The third movement of Sutterfield’s book imagines how our households might be joined to others in embodied, rooted memberships. While talk of community can sound exclusionary, Berry’s sense of membership is radically inclusive. As one of his fictional characters, Burley Coulter, famously puts it, “The way we are, we are members of each other. All of us. Everything. The difference ain’t in who is a member and who is not, but in who knows it and who don’t.” In reflecting on Paul’s metaphor of the church as Christ’s body, Sutterfield writes, “This unity is made not through the purity of identity, but in a kind of coherent relationality, a wholeness. It is in such a membership that our lives are made complete by being brought into communion with others.”

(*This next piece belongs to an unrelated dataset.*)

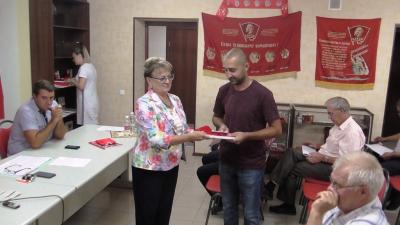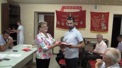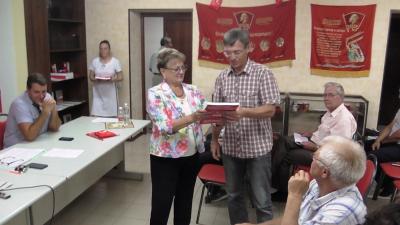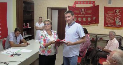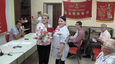 выполнила приятную обязанность, вручив партбилеты новобранцам Компартии и поздравив

This kind of deep communion is threatened both by the restless mobility that characterizes Americans and by consumerism’s penchant for turning distinctive places into interchangeable anyplaces, where every Starbucks feels like every other Starbucks. Berry’s prescription for our transient, displaced culture is to stop somewhere and begin knitting ourselves into the warp and woof of our particular places. As Sutterfield puts it, “The challenge for us is to embed and entangle ourselves in one another’s lives and the life of our places so that both our neighborhoods and neighbors matter.”

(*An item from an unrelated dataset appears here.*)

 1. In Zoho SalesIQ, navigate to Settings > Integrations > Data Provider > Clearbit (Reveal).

Imagining an Alternative Kingdom
This is not an easy task for those of us reared in a consumerist culture. In the final chapters of his book, Sutterfield wrestles with this hard edge that, he suggests, makes Berry one of our contemporary prophets. In particular, Berry’s commitment to tell the truth and to practice peaceableness are unfashionable, yet they are central to his efforts to resist the abstracting forces of an industrial economy. Like the biblical prophets, he laments contemporary injustices so that “we can begin the new work of imagining and embodying [an] alternative kingdom.”

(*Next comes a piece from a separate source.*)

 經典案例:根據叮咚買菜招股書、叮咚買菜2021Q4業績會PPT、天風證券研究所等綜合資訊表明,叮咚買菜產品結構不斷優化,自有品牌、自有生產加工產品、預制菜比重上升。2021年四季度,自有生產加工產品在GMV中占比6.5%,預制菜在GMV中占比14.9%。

In our time of political and culture turmoil, the deck remains stacked against caring, creaturely economies. Sutterfield’s book offers hope, however, by helping us hear Berry’s call to shape our households in ways that would honor the precious gift of life. As he concludes, “When the prophet calls, there are always some who will answer.”
In the book’s afterword, Sutterfield transcribes his recent interview with Berry. When he asks Berry what “continues to give you hope,” Berry replies, “I am sustained by what I know of the history and present examples of good work, and by the goodness and beauty that I still find in the world.” As Sutterfield so ably demonstrates, Berry’s life and writing offer shining examples of such good work. They faithfully bear witness to the immeasurable goodness of our given life, and they challenge us to begin practicing the creaturely virtues of humility and love, work and Sabbath, membership and stability, honesty and peaceableness.
Jeffrey Bilbro teaches English at Spring Arbor University in Spring Arbor, Michigan. He is the co-author of Wendell Berry and Higher Education: Cultivating Virtues of Place (University of Kentucky Press), which releases in June.